Items from a data source
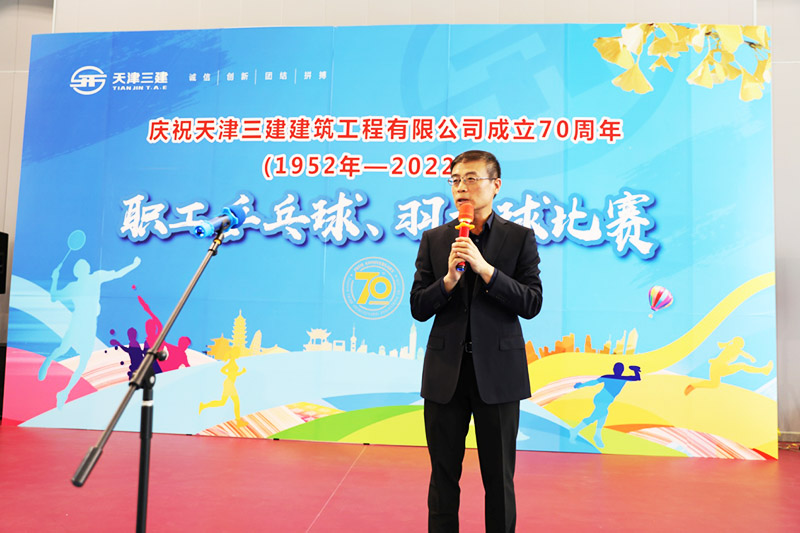 公司黨委書記、董事長扈朝陽同志為開幕式致辭并宣布比賽開幕。他首先對公司職工羽毛球、乒乓球比賽活動開幕表示祝賀。以組織體育比賽活動的形式慶祝企業成立70周年非常生動有趣、活潑向上。公司黨辦、工會的精心組織,職工們的踴躍參與,很受感動。而且活動請來了專業的體育裁判員,相信參賽的職工們能夠發揚天津三建人敢打善拼的意志品格,賽出天津三建公司團結拼搏的企業精神,踔厲奮發,勵精圖治,為實現和奮進百年企業目標做出新作為、新成果。最后,預祝大家取得好的比賽成績。
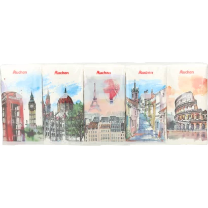 Auchan Kedvenc Travel Collection 4 rétegű papír zsebkendő 10 x 10 db/ csomag
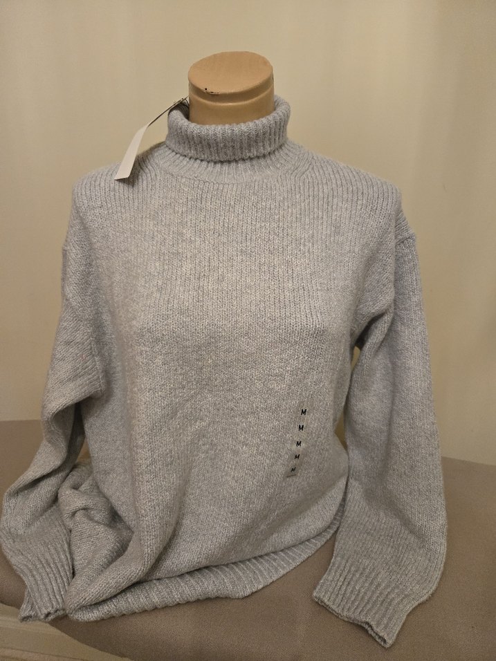Gri renkli, örme dokulu, boğazlı ve uzun kollu kadın kazak. Rahat ve bol kesimiyle günlük kullanıma uygundur.
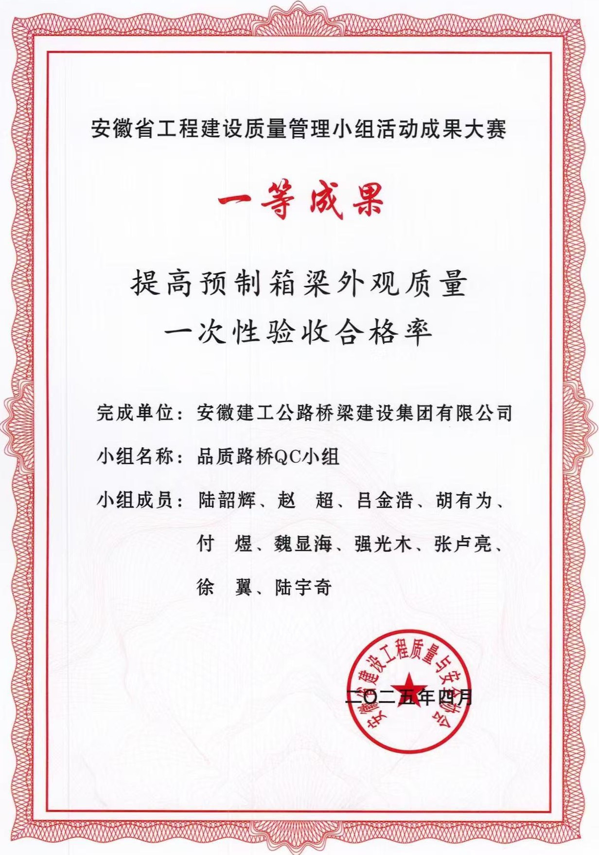 黨支部牽頭組建“品質(zhì)路橋”QC小組,聚焦預(yù)制箱梁外觀質(zhì)量痛點,對材料管理實行原材料進(jìn)場雙檢,針對性開展關(guān)鍵材料性能試驗;預(yù)制工藝嚴(yán)控模板拼裝精度,優(yōu)化混凝土振搗方式。改進(jìn)后,預(yù)制箱梁外觀合格率從89.67%提升至95.44%,每片修飾時間縮短2小時。成果《提高預(yù)制箱梁外觀質(zhì)量一次驗收合格率》獲安徽省QC成果一等獎,以“紅色匠心”護(hù)航工程品質(zhì)。
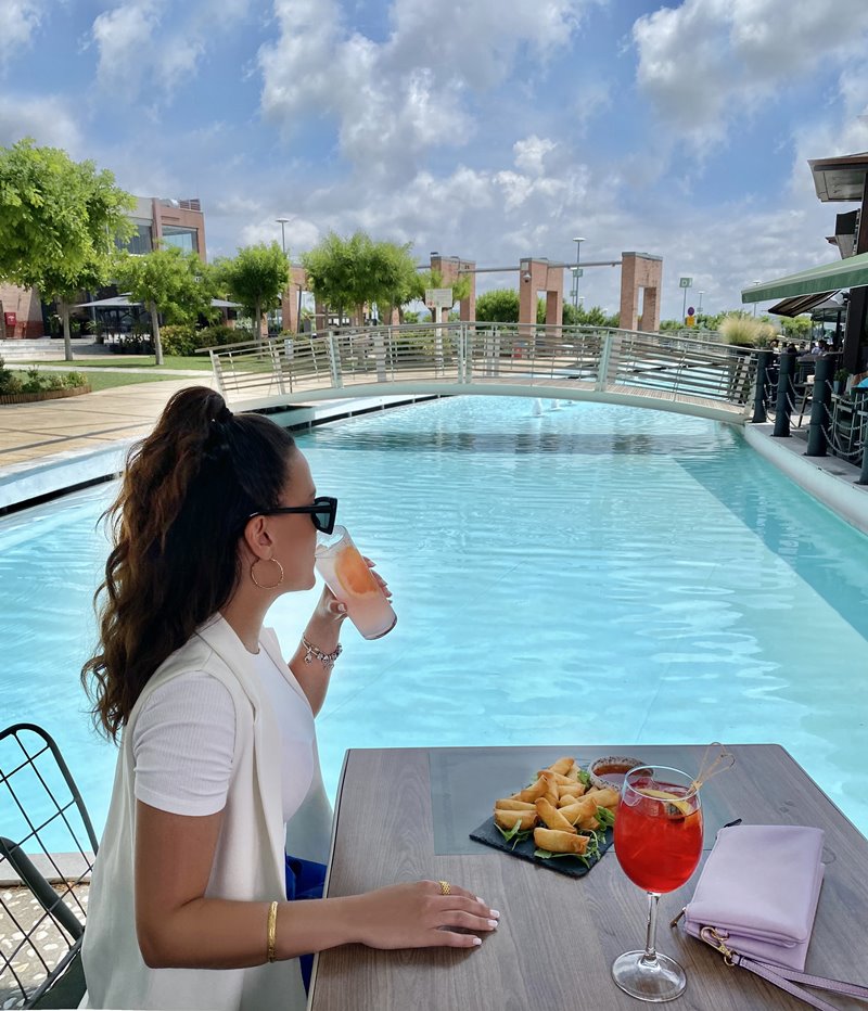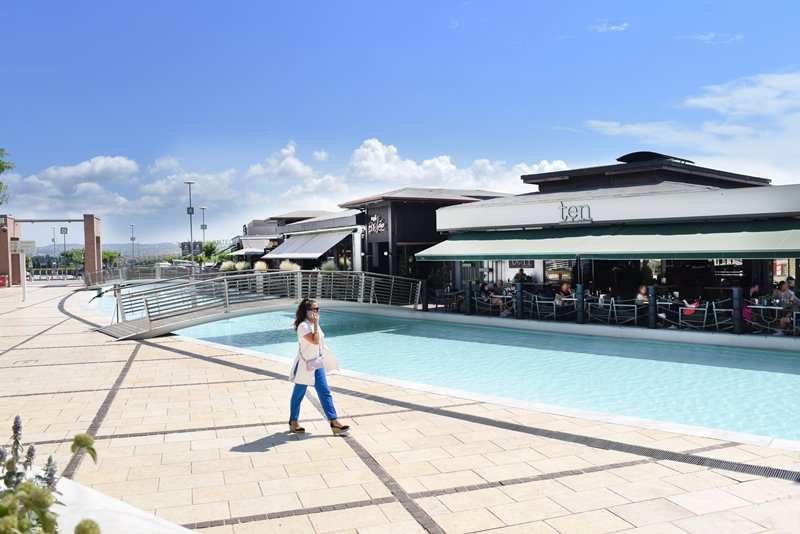 Παίρνει σίγουρα 10΄, καθώς κατάφερε να φέρει κάτι φρέσκο στη διασκέδαση του εμπορικού κέντρου. Μεγάλες γυάλινες επιφάνειες δίπλα στη δροσιά της πισίνας και μια αυλή να απλώνεται μπροστά, όπου ηρεμεί η ματιά. Εδώ, έχει κάτι για κάθε στιγμή της ημέρας και όλες τις απαιτήσεις σε φαγητό και ποτό.
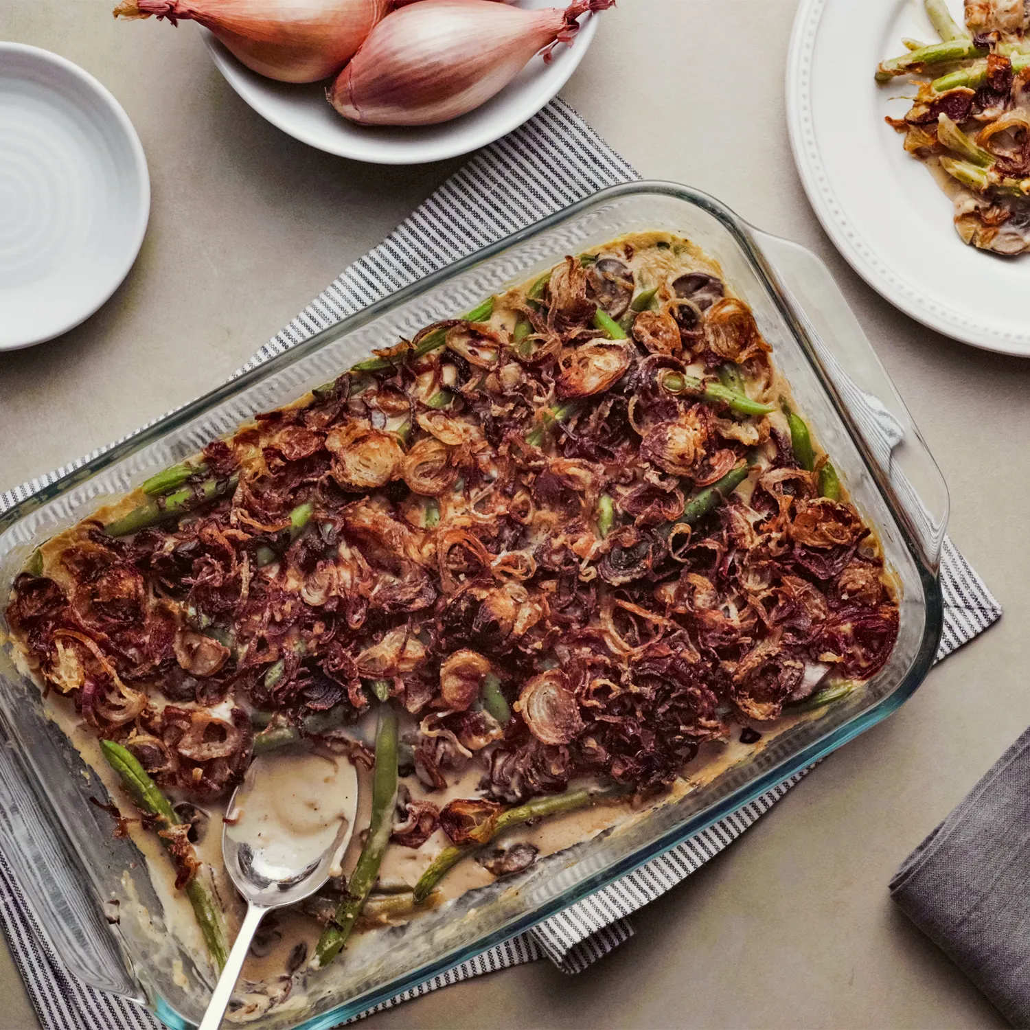 Remove saucepan from heat and fold in green beans, vegetables and lemon juice. Taste and adjust seasoning with additional salt, pepper and lemon juice. Transfer to prepared baking dish and sprinkle crispy shallots over top.
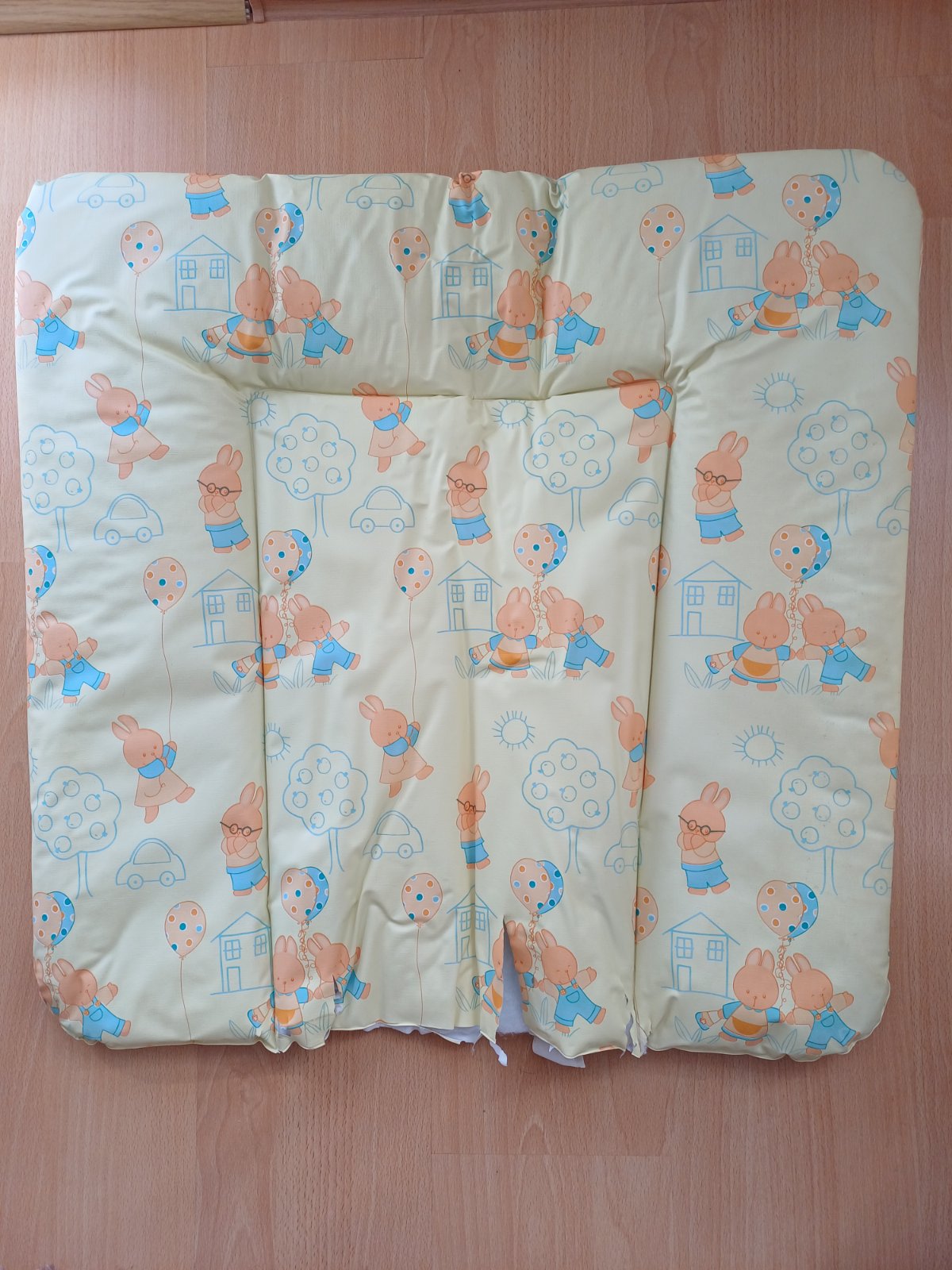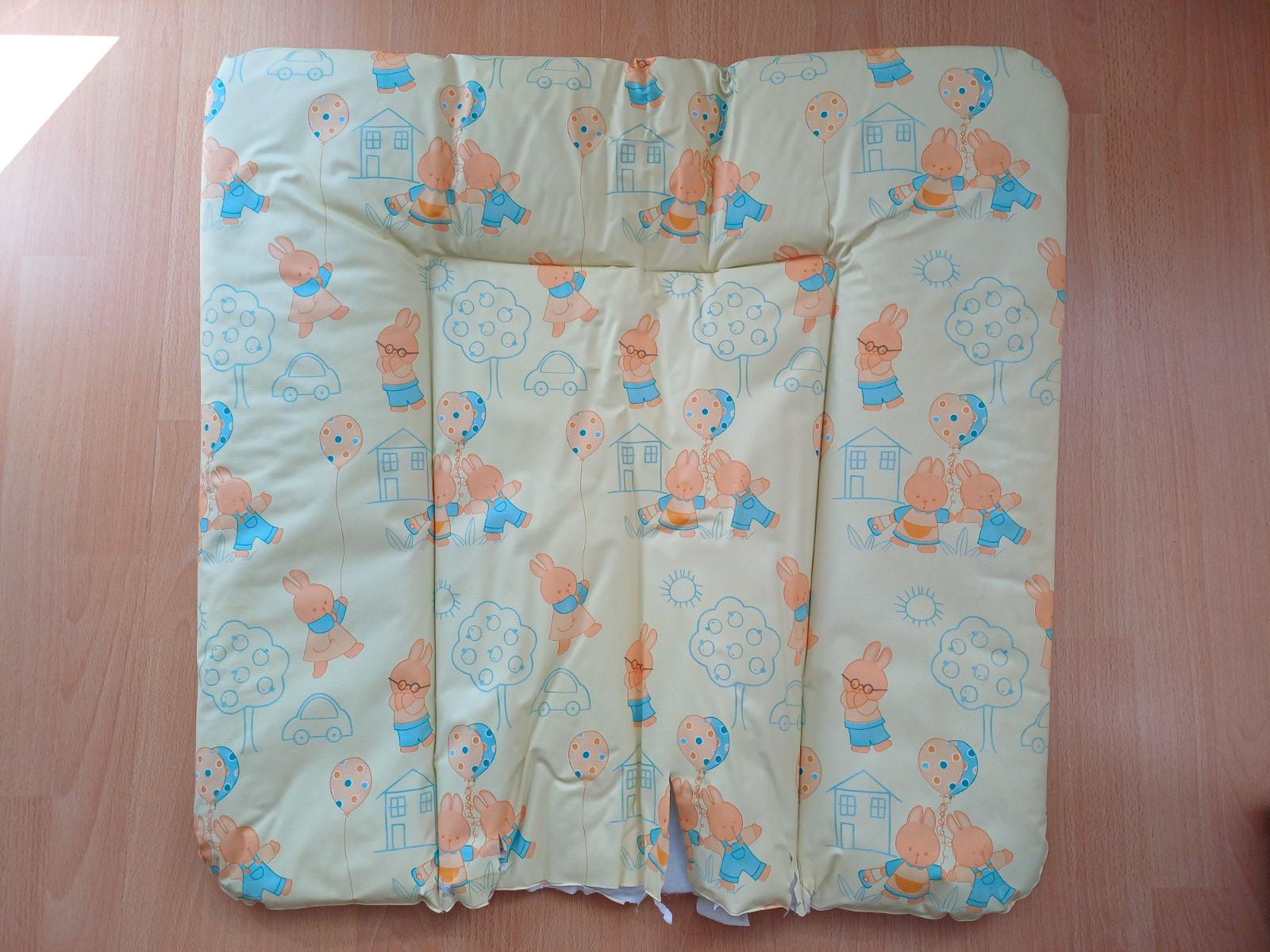 Predám prebaľovaciu podložku rozmer 73x73cm, nepremokavá, ľahko umývateľná, spodná časť popraskaná viď foto.
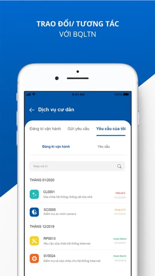 - Gửi yêu cầu có đính kèm hình ảnh đến BQL giúp đơn vị tiếp nhận giải quyết nhanh chóng.
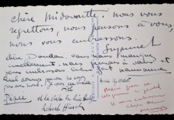 Lettre pleine d'attention, écrite et signée par 6 membres de la troupe de la Comédie française, probablement en tournée à Bruxelles entre 1956 et 1958 : parmi les signataires, on relève les noms d'Annie Girardot (qui quitta la troupe en 1958), Robert Hirsch, Jean Meyer, Suzanne L [probablement la décoratrice Suzanne Lalique], etc.
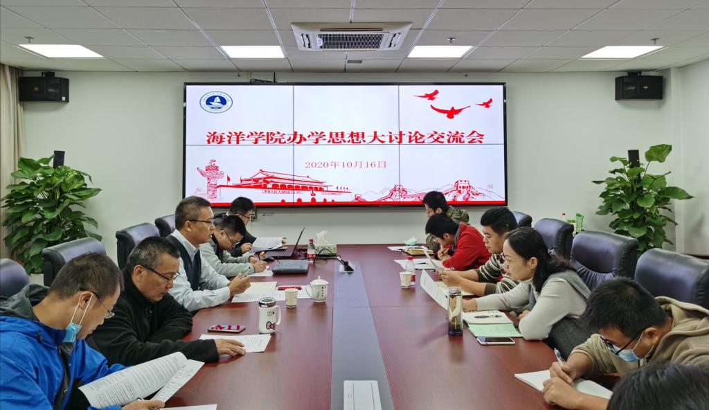 10月16日上午,海洋学院召开办学思想大讨论交流会。学院全体教授、博导,学院班子成员,党委委员,三级单位(含工会、团委)党政负责人参加交流会。会议由党委书记成军主持。
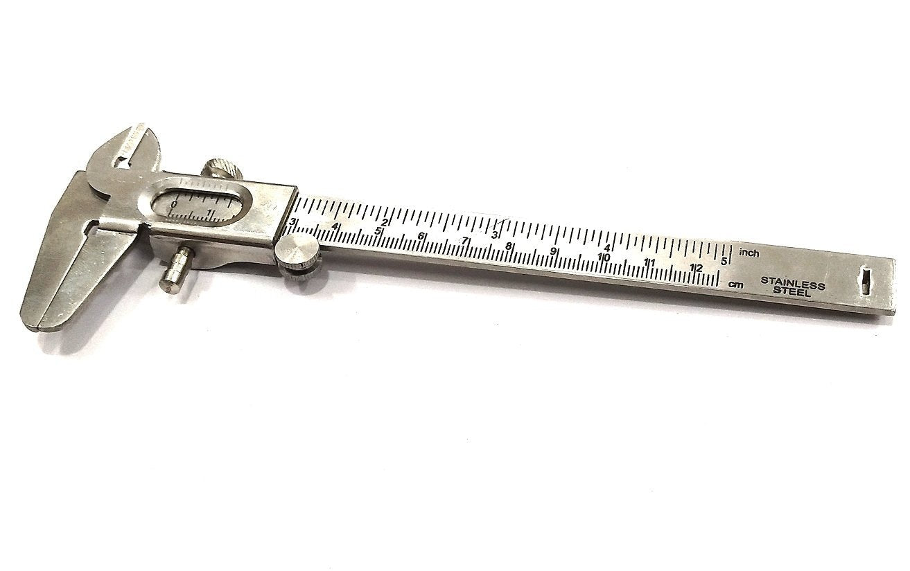 QUALITY NON DIGITAL VERNIER CALIPER- PROFESSIONAL METRIC -IMPERIAL MEASURING SYSTEM. EASY READING TOOLS FOR CHECKING INSIDE, OUTSIDE, DEPTH & STEP MEASUREMENTS. GRADUATION ON ONE SIDE IS 1/10 CM WITH 1/100 CM VERNIER. GRADUATION ON OTHER SIDE IS 1/16" INCHES WITH 1/128 INCH VERNIER. MEASURING RANGE UPTO 5" INCHES & 12.5 CMS . CALIPER LOCK FOR REPETITIVE MEASUREMENTS. FRICTION ROLLER SIMPLIFIES ADJUSTMENTS. FAST SHIPPING WITH TRACKABLE AWB NO. TO USA AND WORLDWIDE.
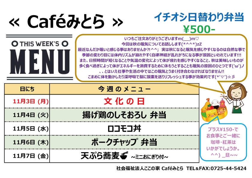 TOP > ここの家便り > Café みとら > Caféみとら イチオシ日替わり弁当(11/3~11/7)

_WHAT YOU NEED TO DO_
Pictures stay out of this copy. Retype exactly the lines from the one with "10月16日上午,海洋学院召" through the last line of the data, both ends included, and nothing more.

_YOUR SOLUTION_
 10月16日上午,海洋学院召开办学思想大讨论交流会。学院全体教授、博导,学院班子成员,党委委员,三级单位(含工会、团委)党政负责人参加交流会。会议由党委书记成军主持。
 QUALITY NON DIGITAL VERNIER CALIPER- PROFESSIONAL METRIC -IMPERIAL MEASURING SYSTEM. EASY READING TOOLS FOR CHECKING INSIDE, OUTSIDE, DEPTH & STEP MEASUREMENTS. GRADUATION ON ONE SIDE IS 1/10 CM WITH 1/100 CM VERNIER. GRADUATION ON OTHER SIDE IS 1/16" INCHES WITH 1/128 INCH VERNIER. MEASURING RANGE UPTO 5" INCHES & 12.5 CMS . CALIPER LOCK FOR REPETITIVE MEASUREMENTS. FRICTION ROLLER SIMPLIFIES ADJUSTMENTS. FAST SHIPPING WITH TRACKABLE AWB NO. TO USA AND WORLDWIDE.
 TOP > ここの家便り > Café みとら > Caféみとら イチオシ日替わり弁当(11/3~11/7)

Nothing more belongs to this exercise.